At TIER my most consequential project was the Datadog to Grafana migration. SRE owned the technical delivery, the new stack, the parity protocol, the cutover. I led adoption, which meant getting engineering across teams onto the new stack without their ability to do their jobs degrading. The migration saved roughly $1M a year. The adoption side is what taught me the most.

The hard part, on my side at least, was that the engineers did not want to migrate.

Why they pushed back

Permalink to “Why they pushed back”

They had spent years in Datadog. They knew where to click during an incident. They had memorised which dashboards opened first, which views had the right axes, where the log facet they always filtered on was, how the time range picker behaved when they dragged across a spike. None of that was written down anywhere. It lived in their fingers.

A new tool, even an objectively well-configured one, costs them all of that. And it costs them in the moment they can least afford to spend it, which is the first ten minutes of an incident.

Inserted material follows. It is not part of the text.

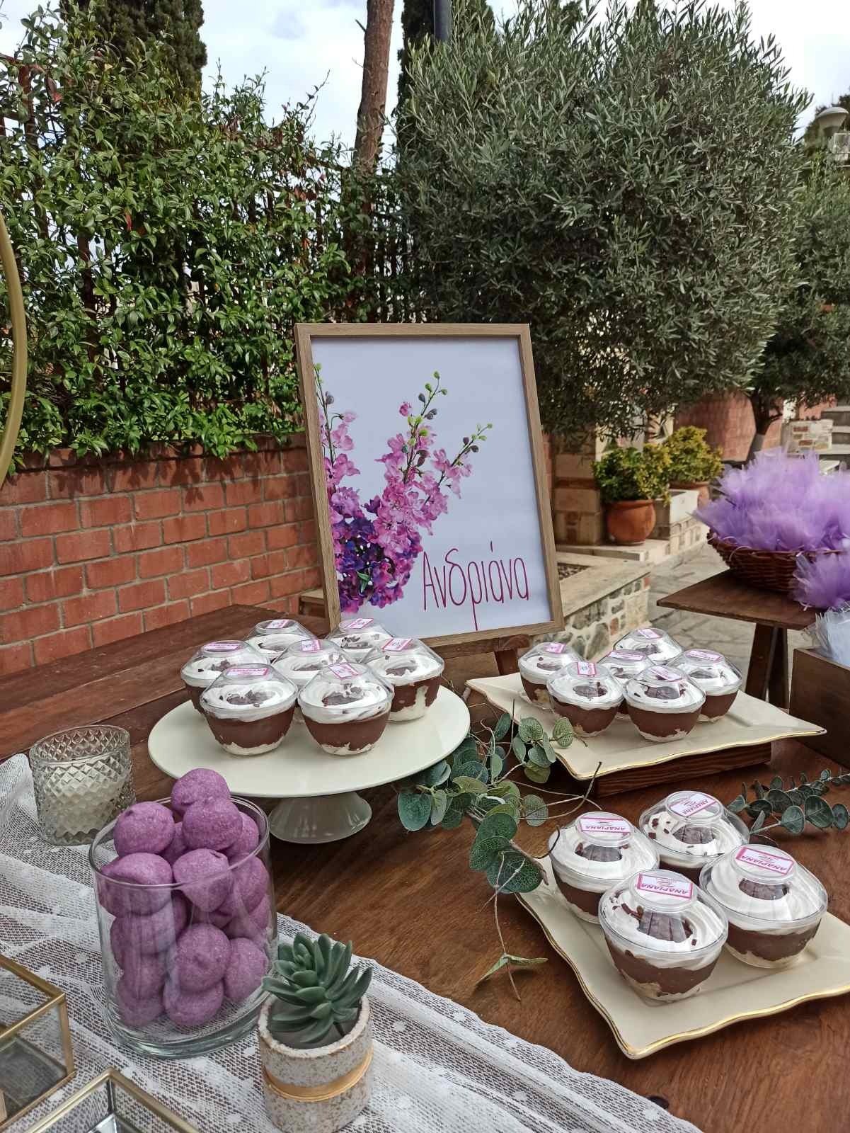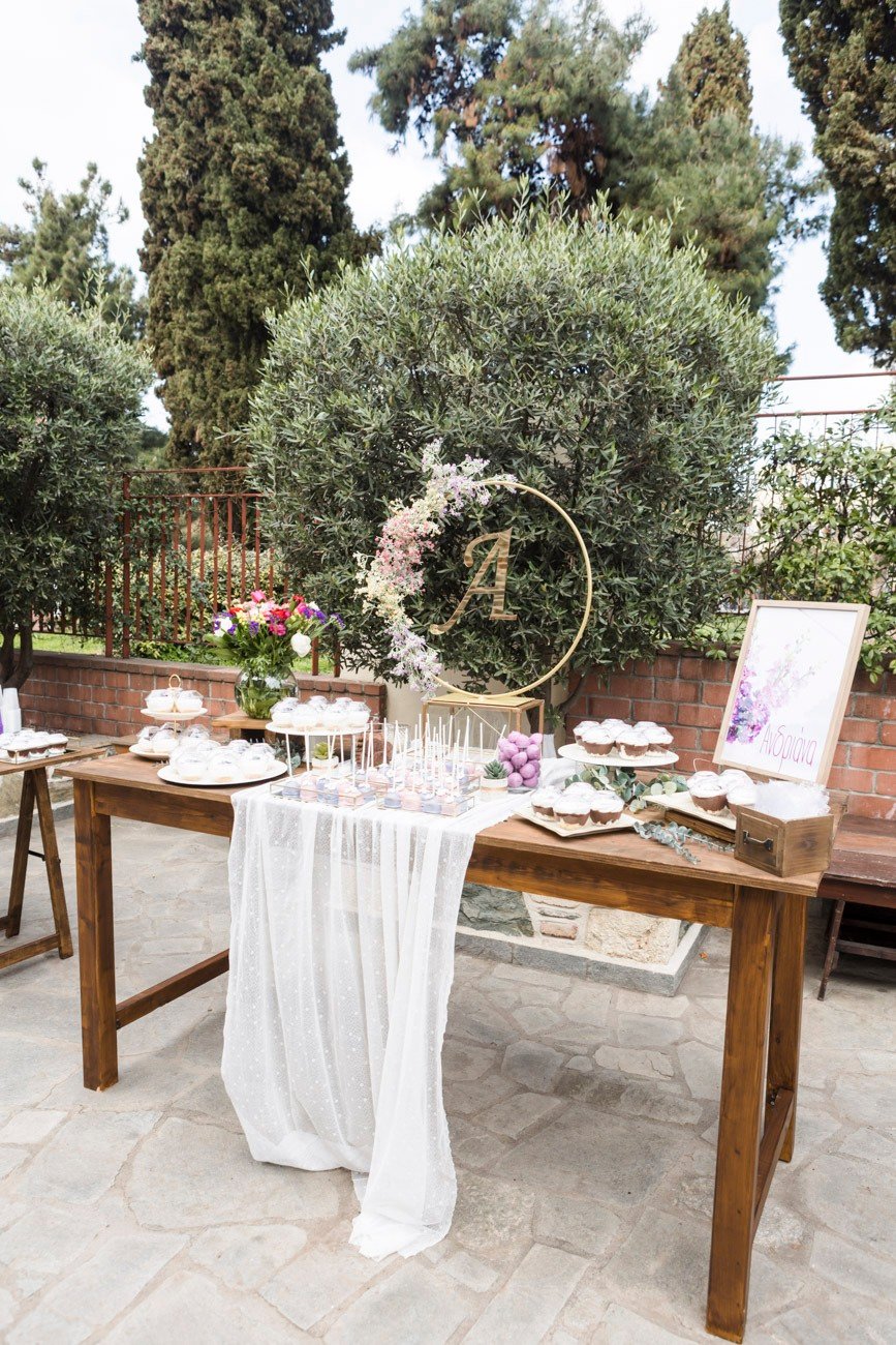 Candy Bar με γλυκές απολαύσεις διακοσμημένες σε παστέλ αποχρώσεις και floral λεπτομέρειες.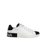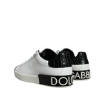 Dolce & Gabbana Black Leather Logo Portofino Sneaker Shoes

The savings on the bill were not theirs to celebrate. Slower incident response, though, would absolutely be their problem.

I had been treating adoption as a project-management problem at first. SRE implements, parity is verified, teams adjust, I track the dependencies. By the third week of doing it that way what I actually had was a handful of senior engineers who were polite to my face and openly skeptical in their team channels.

Treating it as a UX problem

Permalink to “Treating it as a UX problem”

My wife is a product designer. I had picked up enough from how she talks about her work to recognise that what I was looking at was a UX problem, not a backend one. The engineers using Datadog were the users. The flows they had built were the product. I had been reasoning about the migration like it was infrastructure work, and it wasn’t.

I want to be careful about what I actually did here, because the temptation to dress this up as proper user research is real and I did not run user research. What I did was treat myself as a user. I followed the incident playbooks in Grafana the way an on-call engineer would, and I noticed every step that was slower or more confusing than in Datadog. Then I asked colleagues, casually, the questions that would have been awkward in a scheduled interview but were natural in a Slack DM or at the end of a standup. What do you actually open first, what is missing, how do you do X. Not a study, just paying attention.

What I shipped

Permalink to “What I shipped”

A few artefacts came out of that work.

The most important ones were interactive Grafana dashboards for the most-used views. Built so the metric-to-logs pivot took two clicks, drill-downs stayed inside the dashboard, and the time-range defaults matched what engineers were already used to. I specced them and I built them.

Then there were dashboard templates for teams to fork. Pre-loaded with the right variables, the log-link panels, and the defaults. A team starting from a template did not have to re-derive the shape of a useful dashboard. They forked, renamed, tweaked, and were running.

And finally a set of recorded demos, 1-2 minutes each, walking through “how I would handle X in Grafana.” Watchable on someone’s own time, no meeting required.

What changed when this landed

Permalink to “What changed when this landed”

The pushback eased once the templates and the demos were in front of engineers. They could see that the person running adoption had actually used Grafana the way they would have to, noticed the same friction they would have noticed, and built things to reduce it. The savings on the bill were never going to convince them. The demos that started from “the alert just fired and you have to find out why” did.

I do not think the migration would have made it through the cutover without that change in approach. SRE’s work would have been correct on paper and resented in practice.

The thing I took from this is that adapting to a new tool costs the user time, and it is the user’s time, not yours. If you can absorb part of that cost on their behalf, the migration goes faster. If you cannot, you will get the resistance you have earned.